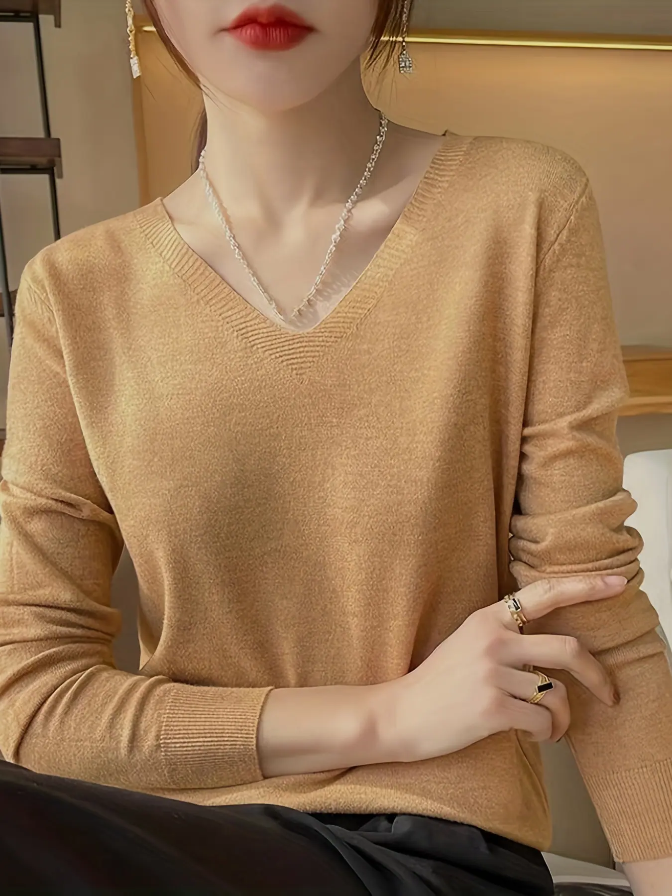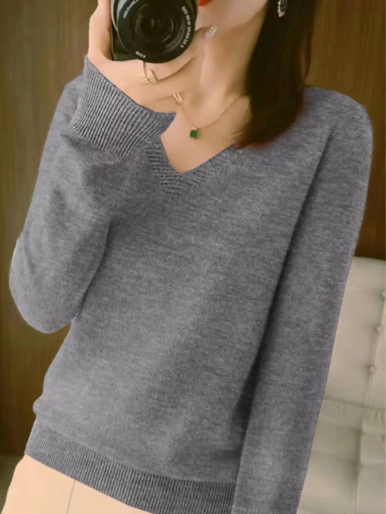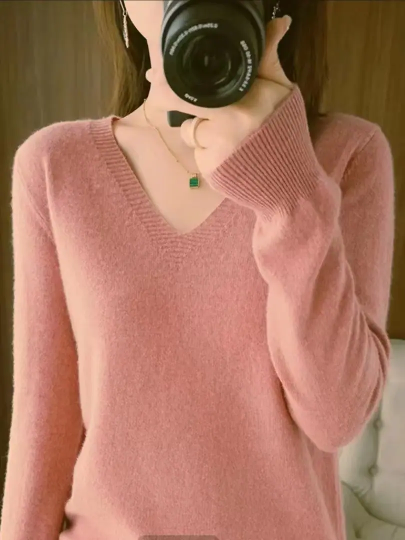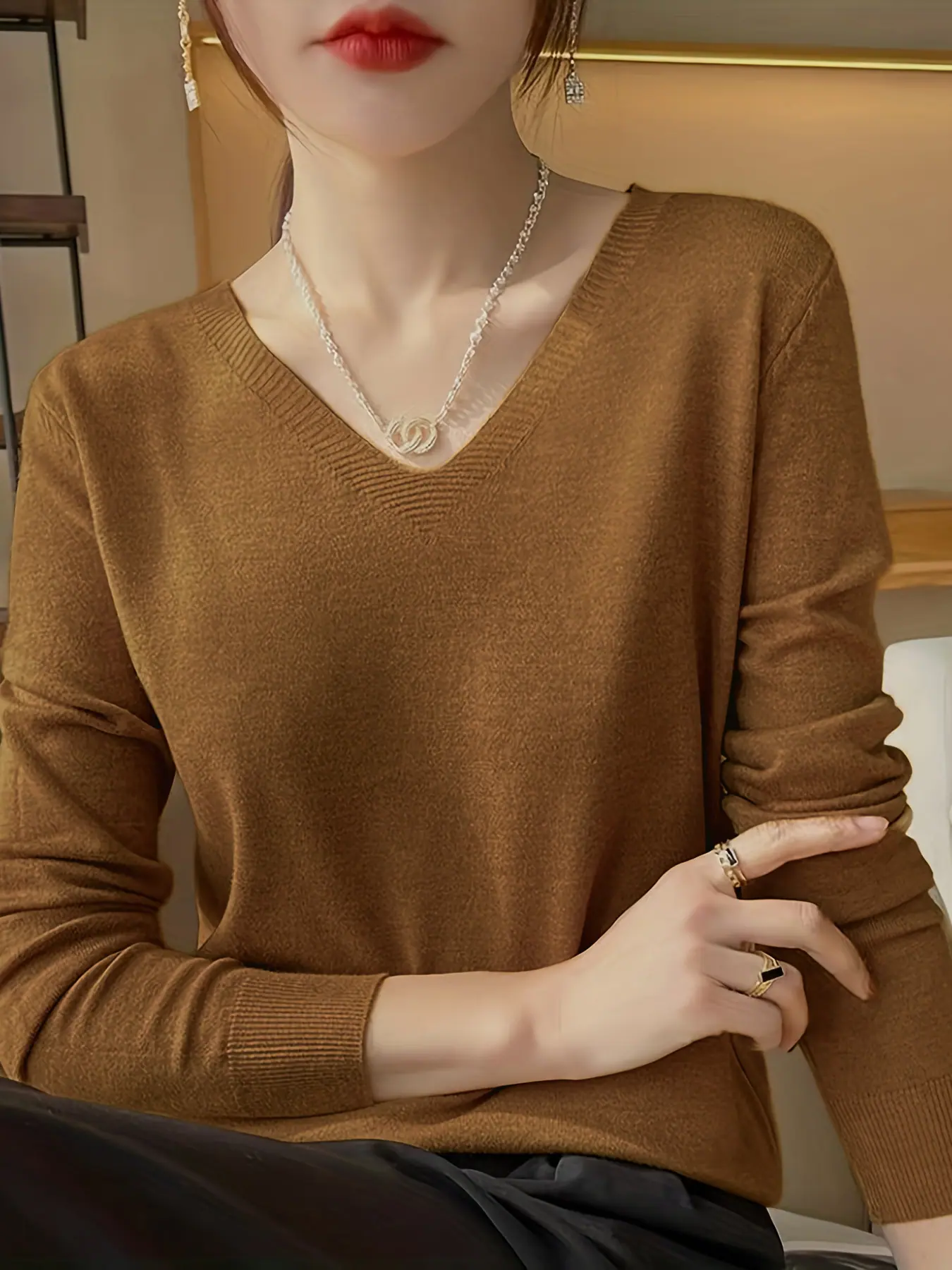 Suéter holgado de cuello en V para mujer, nuevo para otoño e invierno, suéter versátil, top delgado de manga larga de color sólido
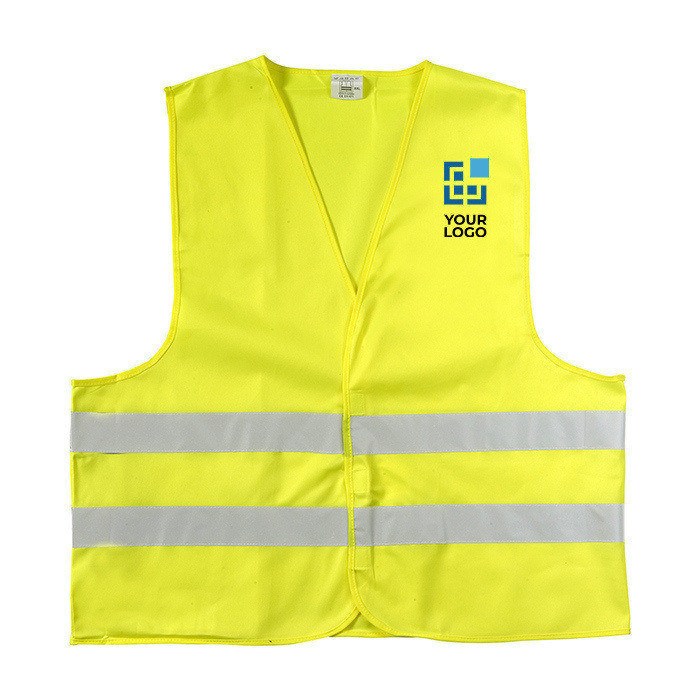 Chaleco de alta visibilidad fabricado en poliéster (150D), ideal para garantizar la seguridad en entornos laborales. Disponible en tres tallas: M (65x59 cm, Ref. 41590), XL (70,5x64 cm, Ref. 41591) y XXL (76,5x71,5 cm, Ref. 41592), adaptándose a diversas necesidades corporativas. Su diseño unisex lo hace versátil para cualquier equipo de trabajo. Cada chaleco se suministra en una bolsa individual, facilitando su distribución y almacenamiento. Perfecto para campañas de seguridad o como equipamiento estándar para empleados en sectores industriales.
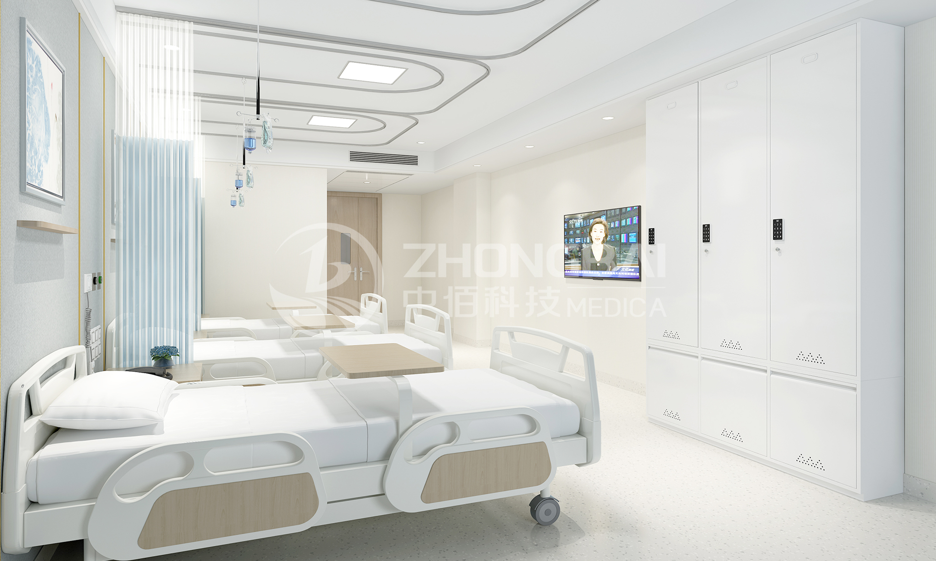 病房衣柜汲取了現代國際水平的中醫設計元素,造型簡練,比例勻稱,結構嚴謹,做工精細。極致體現了一個智能、耐用、環保、抗菌和舒心的護理環境。
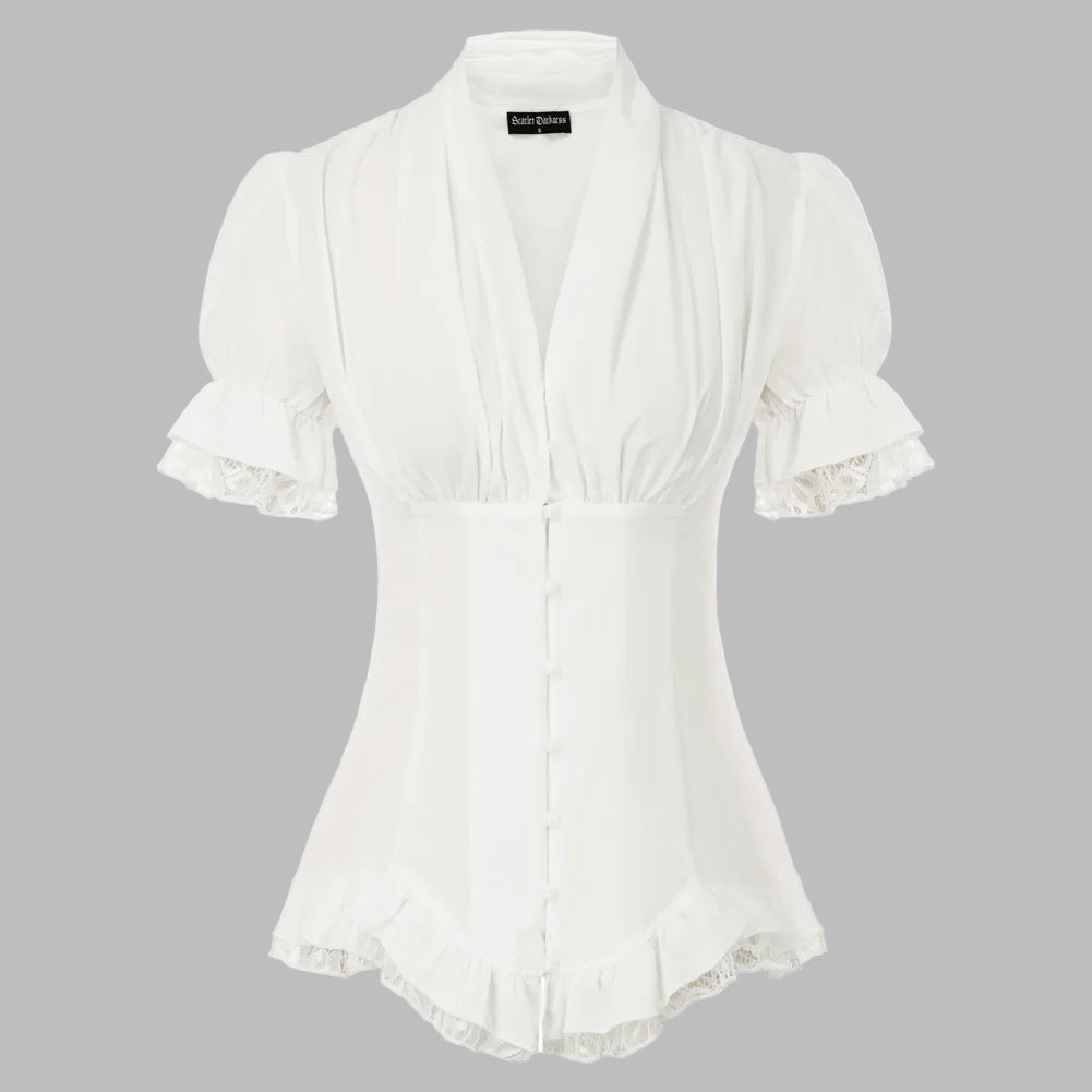 Biała Bluzka Steampunk z Koronką i Krótkim Rękawem Zobacz opcje
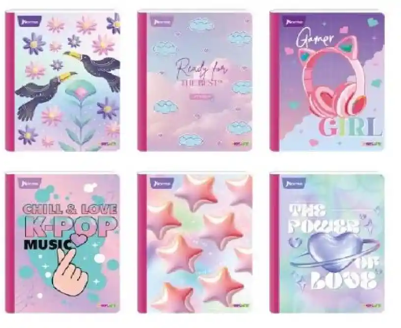 Cuaderno Cosido Grande Femenino, 100h Doble Linea Con Sticker

━━━━━━━━━━

Your answer must consist of the entries, unchanged, with no pictures in it.

◆ **The answer**:
 Suéter holgado de cuello en V para mujer, nuevo para otoño e invierno, suéter versátil, top delgado de manga larga de color sólido
 Chaleco de alta visibilidad fabricado en poliéster (150D), ideal para garantizar la seguridad en entornos laborales. Disponible en tres tallas: M (65x59 cm, Ref. 41590), XL (70,5x64 cm, Ref. 41591) y XXL (76,5x71,5 cm, Ref. 41592), adaptándose a diversas necesidades corporativas. Su diseño unisex lo hace versátil para cualquier equipo de trabajo. Cada chaleco se suministra en una bolsa individual, facilitando su distribución y almacenamiento. Perfecto para campañas de seguridad o como equipamiento estándar para empleados en sectores industriales.
 病房衣柜汲取了現代國際水平的中醫設計元素,造型簡練,比例勻稱,結構嚴謹,做工精細。極致體現了一個智能、耐用、環保、抗菌和舒心的護理環境。
 Biała Bluzka Steampunk z Koronką i Krótkim Rękawem Zobacz opcje
 Cuaderno Cosido Grande Femenino, 100h Doble Linea Con Sticker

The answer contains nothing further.